Hello everyone,
I want to replace/change variables values depending on their orders.
I have a sample code as below, I want to replace Order variable values with each other but depending on "DEV" and "REC" values.
If you can examine my followimg sample, you can understand what I try to do. I would also like to point out that "Have" data set can include more than for rows. So Order of "REC" value should replace with latest value of "Order"
Can somebody help me, please?
Data Have;
Length DataSet $ 32 Preffix $ 32 Order 8;
Infile Datalines Missover;
Input DataSet Preffix Order;
Datalines;
Have Mdl 1
Want Dev 2
Last Rec 3
Desired Val 4
;
Run;
Data Want;
Set Have;
If Upcase(Preffix)="DEV" Then Order=1;
If Upcase(Preffix)="REC" Then Order=4;
/*There can be more than four data set
so I need to assign this value to latest "Order" value*/
/*If Upcase(Preffix)="DEV" Then Do;*/
/*Order=TranWrd(Order,2,1);*/
/*Order=TranWrd(Order,1,2);*/
/*End;*/
/*If Upcase(Preffix)="REC" Then Do;*/
/*Order=TranWrd(Order,3,4);*/
/*Order=TranWrd(Order,4,3);*/
/*End;*/
Run;
Desired ->
What if "Have" data set will be as below, how can I replace order of "REC" with latest row?
Data Have;
Length DataSet $ 32 Preffix $ 32 Order 8;
Infile Datalines Missover;
Input DataSet Preffix Order;
Datalines;
Have Mdl 1
Want Dev 2
Last Rec 3
Want2 Val2 4
Desired Val 5
Have2 Mdl2 6
;
Run;
Thank you
It's a mistake to try to do this in one step.
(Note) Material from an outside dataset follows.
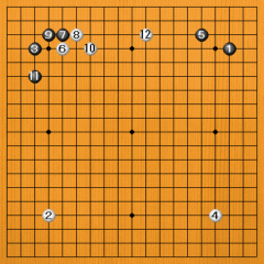 · Black turns the top left into territory with 7 to 11, and White occupies the centre top up to 12. The moves here are a set pattern, but instead of 7 there are various other ways for Black to play. |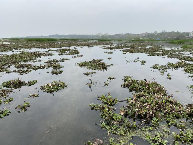 湖面的水葫芦、漂浮物以及杂草严重影响水质;

Just assign some extreme values:
data want;
set have;
if upcase(preffix)='DEV' then order=-5;
else if upcase(preffix)='REC' then order=99999;
run;
proc sort data=want;
by order;
run;
data want;
set want;
order = _n_;
run;
The data set is small, so take advantage of that. Use multiple easy programming steps.
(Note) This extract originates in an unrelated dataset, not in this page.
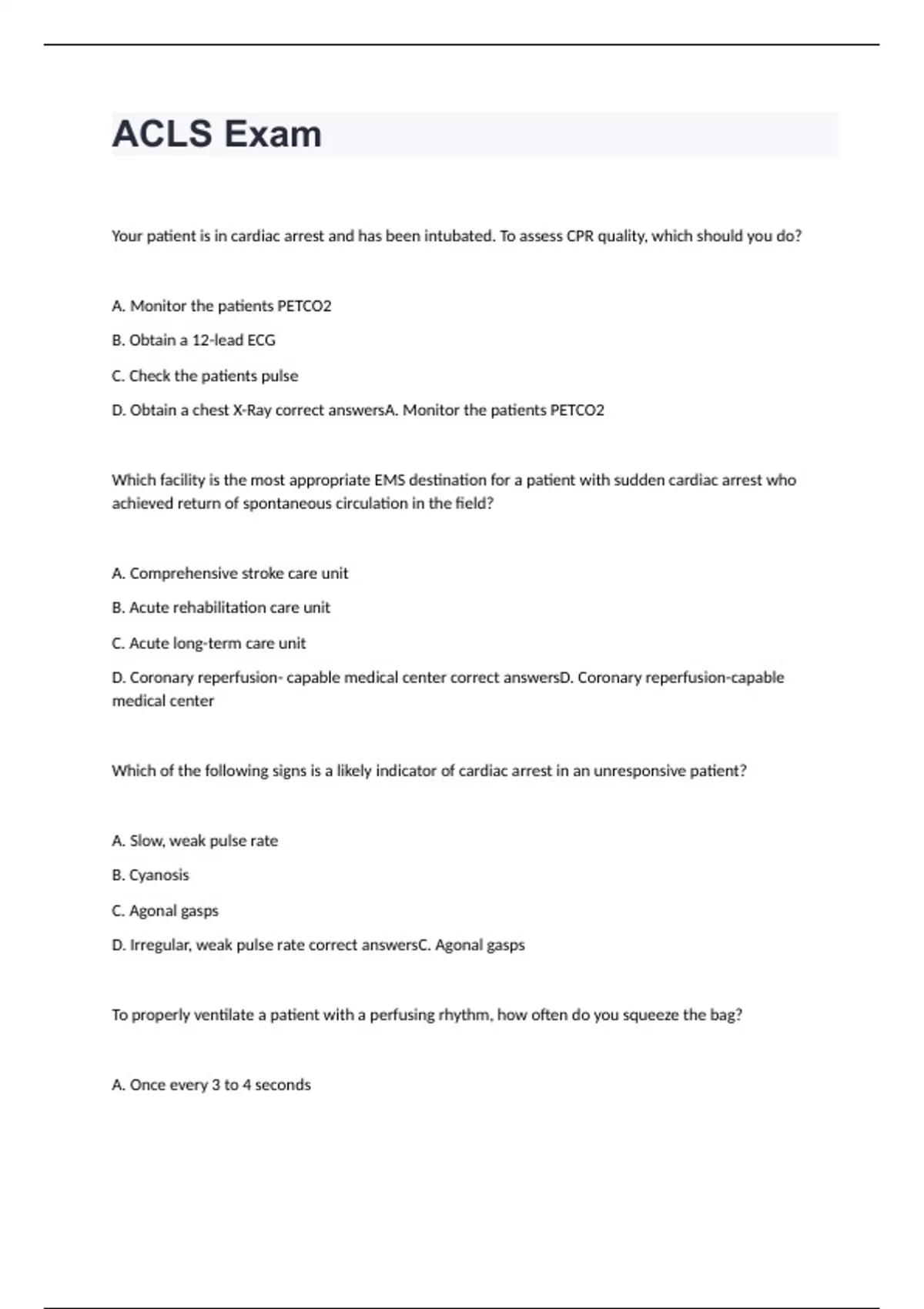 Your patient is in cardiac arrest and has been intubated. To assess CPR quality, which should you do? A. Monitor the patients PETCO2 B. Obtain a 12-lead ECG C. Check the patients pulse D. Obtain a chest X-Ray correct answersA. Monitor the patients PETCO2 Which facility is the most appropriate EMS destination for a patient with sudden cardiac arrest who achieved return of spontaneous circulation in the field? A. Comprehensive stroke care unit B. Acute rehabilitation care unit C. Acute long-term care unit D. Coronary reperfusion- capable medical center correct answersD. Coronary reperfusion-capable medical center Which of the following signs is a likely indicator of cardiac arrest in an unresponsive patient? A. Slow, weak pulse rate B. Cyanosis C. Agonal gasps D. Irregular, weak pulse rate correct answersC. Agonal gasps To properly ventilate a patient with a perfusing rhythm, how often do you squeeze the bag? A. Once every 3 to 4 seconds

Yes, this is what I want -> "Are you saying that no matter what the value of the internal order variable is, if the value of Preffix is 'Dev' then the order changes to 1 and if the value is 'Rec', then that is always the Last order???"
Actually, there is no logic, these values into the "Have" data set is an input data. Some person will fill the values then I will order depending on "DEV" and "REC". "DEV" should be first and "REC" should be last.
It's a mistake to try to do this in one step. Just assign some extreme values:
data want;
set have;
if upcase(preffix)='DEV' then order=-5;
else if upcase(preffix)='REC' then order=99999;
run;
proc sort data=want;
by order;
run;
data want;
set want;
order = _n_;
run;
The data set is small, so take advantage of that. Use multiple easy programming steps.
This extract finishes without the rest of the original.